Nous en sommes là. Commence la question sociale et doivent s’élaborer les remèdes de fond. Une éthique de la pratique policière devrait cependant s’attacher à limiter des logiques anthropomorphiques et ethniques si profondément étrangères à la République. Des référents- éthiques, choisis parmi les fonctionnaires de police sur le terrain, devraient pouvoir y travailler, afin de les contenir. ll est plus que temps lorsque l’on perçoit, les ravages causés par ces débordements aux Etats-Unis.

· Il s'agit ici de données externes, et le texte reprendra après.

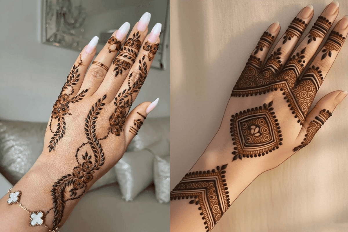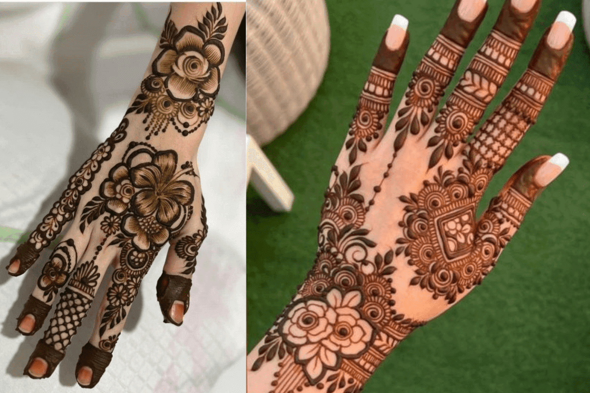 फ्लोरल बैक साइड मेहंदी में फूलों और पत्तियों के पैटर्न का उपयोग किया जाता है. यह डिजाइन हल्की और खूबसूरत दिखती है, इसलिए सिंपल और मॉडर्न लुक के लिए परफेक्ट है. छोटे और बड़े फूलों का कॉम्बिनेशन हाथों को बहुत नेचुरल और आकर्षक बनाता है.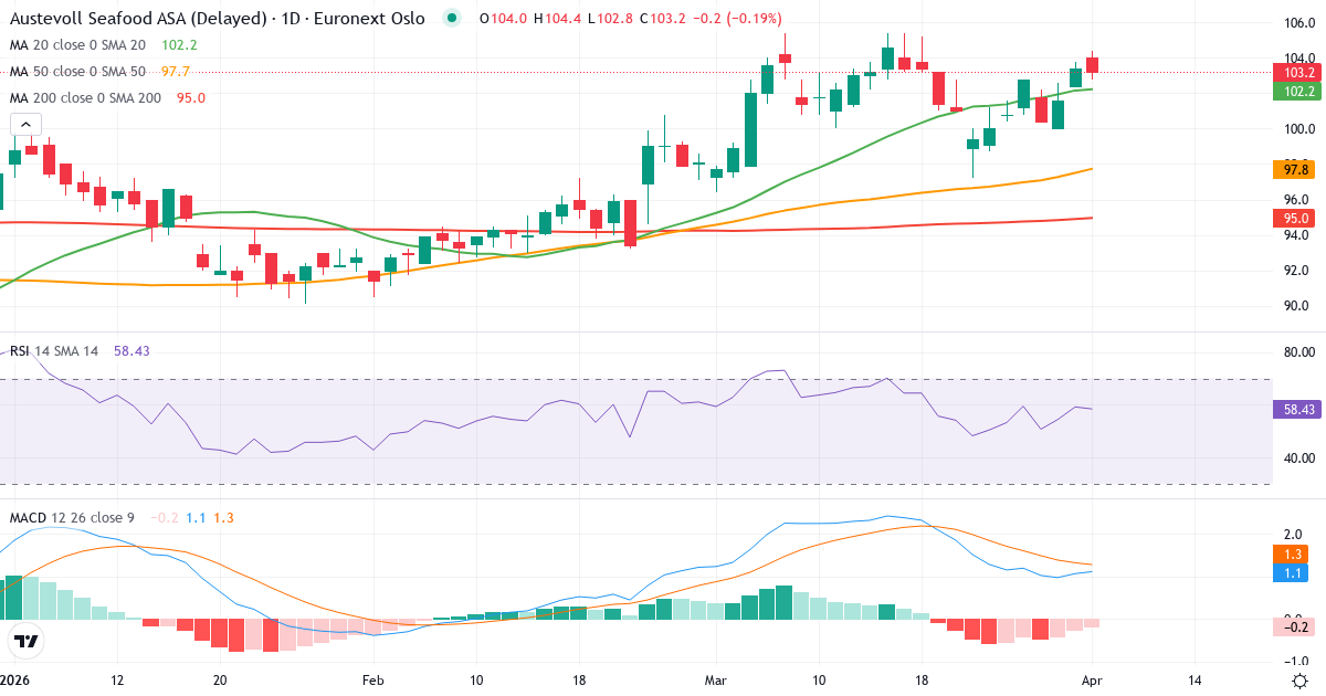Golden Cross: 50-dagers gjennomsnittet (97.49) ligger over 200-dagers (94.89), hvilket er et klassisk bullish signal for Austevoll Seafood ASA.

1. Rapport du Défenseur des droits, Enquête sur l’accès aux droits, Volume 1 – Relations police/populations : le cas des contrôles d’identité, publié le 20 janvier 2017.

2. CEDH, gr. ch., 6 juillet 2005, req. n° 43577/98 et 43579/98, p.147, Natchova et autres c/ Bulgarie.

3. Cass. civ. 1ere, 9 novembre 2016, n°15-24210,15-24212, 15-25873

4. CA Paris, 24 juin 2015, n° 13/24261 , 13/24262.

5. CA Paris, 24 juin 2015, n° 13/24255, 13/24300.

6. Cons. const. 24 janv. 2017 , n° 201 6-606/607, QPC.